The World Trade Organisation (WTO) – the organisation that ensures trade flows as freely as possible - has lowered its forecast for world trade growth in 2015 to 2.8%, from 3.3% in April, and reduced its estimate for 2016 to 3.9% from 4%. These revisions reflect a number of factors that weighed on the global economy in the first half of 2015, including falling import demand in China, Brazil and other emerging economies; falling prices for oil and other primary commodities; and significant exchange rate fluctuations.

Recent trade growth

Data for the first half of 2015 came in below expectations with quarterly growth turning negative, averaging 0.7% in Q1 and Q2. Despite the quarterly declines in the first half of 2015, year-on-year growth in trade for the year to date remains positive at 2.3%.

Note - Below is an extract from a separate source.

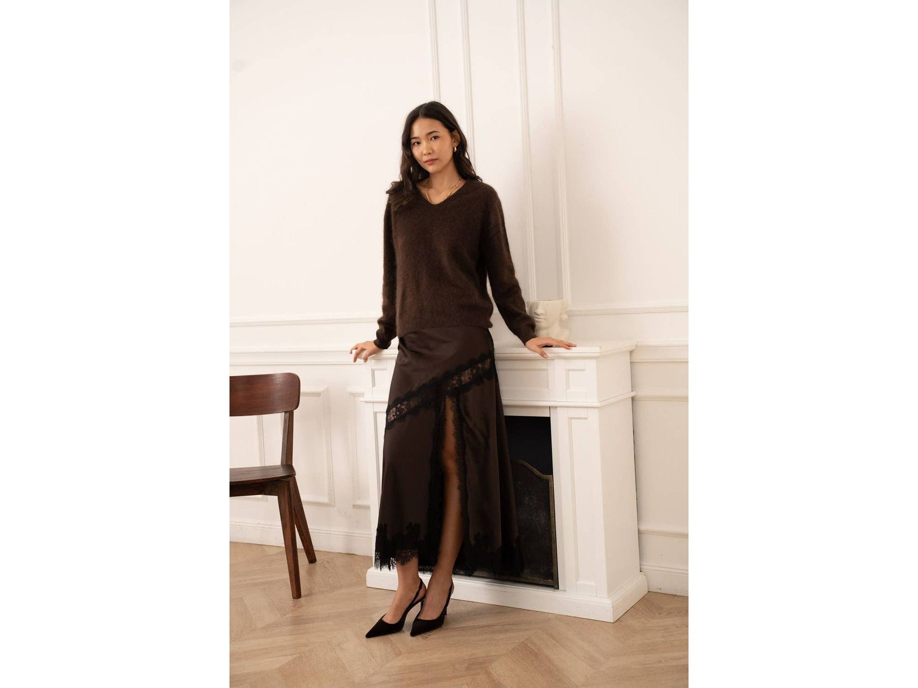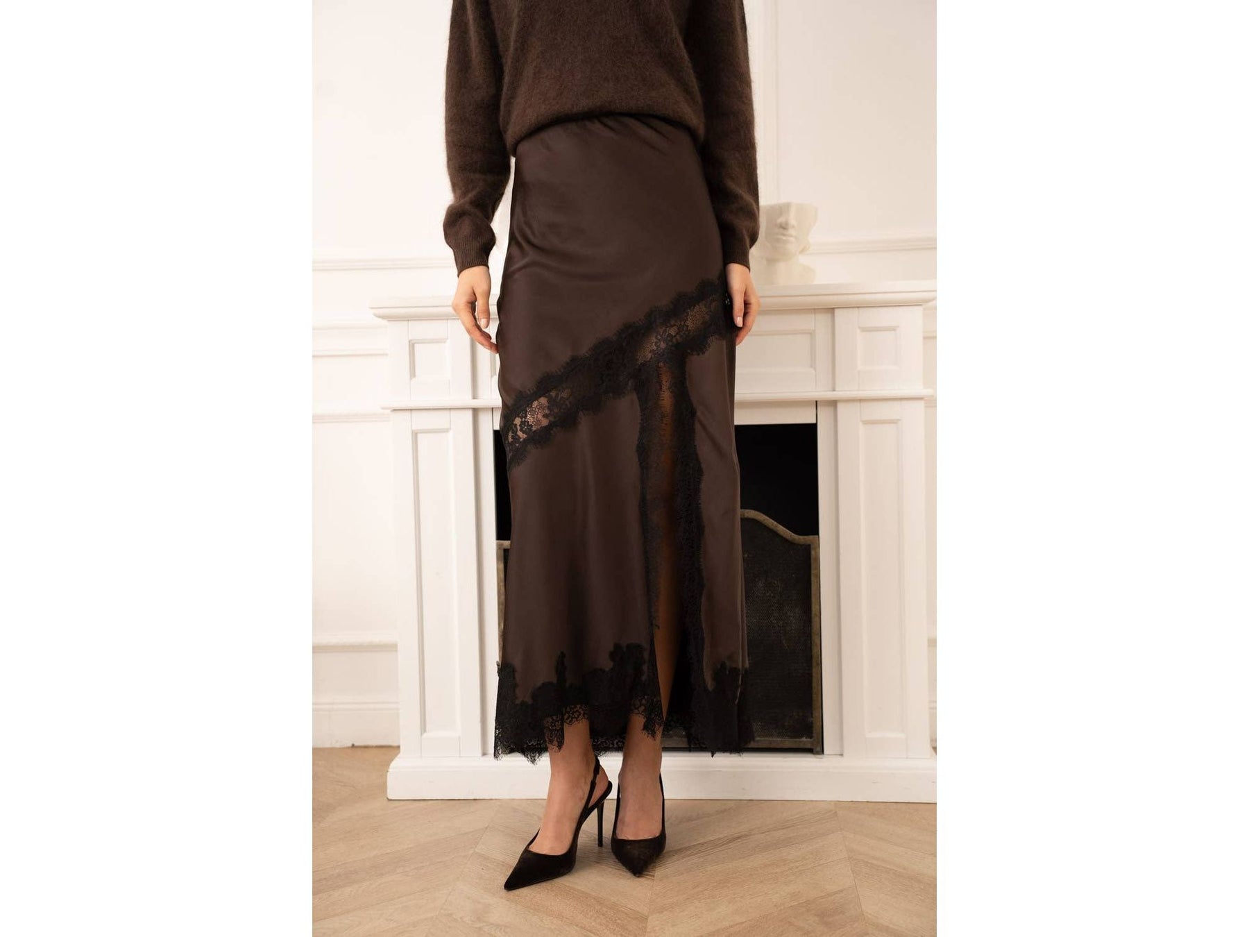 Discover the chicest skirt of the season! This satin maxi skirt features an asymmetrical lace design. The elastic waistband allows for comfort while still providing a touch of elegance. Pair with a sweater to make it casual or with your favourite blouse for any night out!

Trade growth remains uneven across many countries and regions after a long period of stagnation - Europe recorded the fastest year-on-year export growth of any region in Q2 at 2.7%, followed by North America (2.1%), Asia (0.6%), South and Central America (0.4%).

Changes to the forecast

Asia had the strongest downward revision to its export forecast for 2015, from 5.0% to 3.1%. This is mostly due to falling intra-regional trade as China's economy has slowed. The downward revision to Asia on the import side was even stronger, from 5.1% to 2.6%, partly due to lower Chinese imports.

South and Central America’s import forecast in 2015 was lowered to -5.6% from -0.5%. Much of this is attributed to adverse economic developments in Brazil.  A rebound in imports across South and Central America is expected in 2016 as Brazil's GDP growth stabilises.


If trends continue, 2015 will mark the fourth consecutive year in which annual trade growth has fallen below 3%. This will also mark the fourth year where trade has grown at approximately the same rate as world GDP, rather than twice as fast - as it has done in the 1990s and early 2000s.

Although global output is expanding at a moderate pace downside risks remain, which include: slowdowns in emerging and developing economies and the possibility of destabilising financial flows from an eventual interest rate rise by the US Federal Reserve (as explained in my previous blog: All eyes on 'US').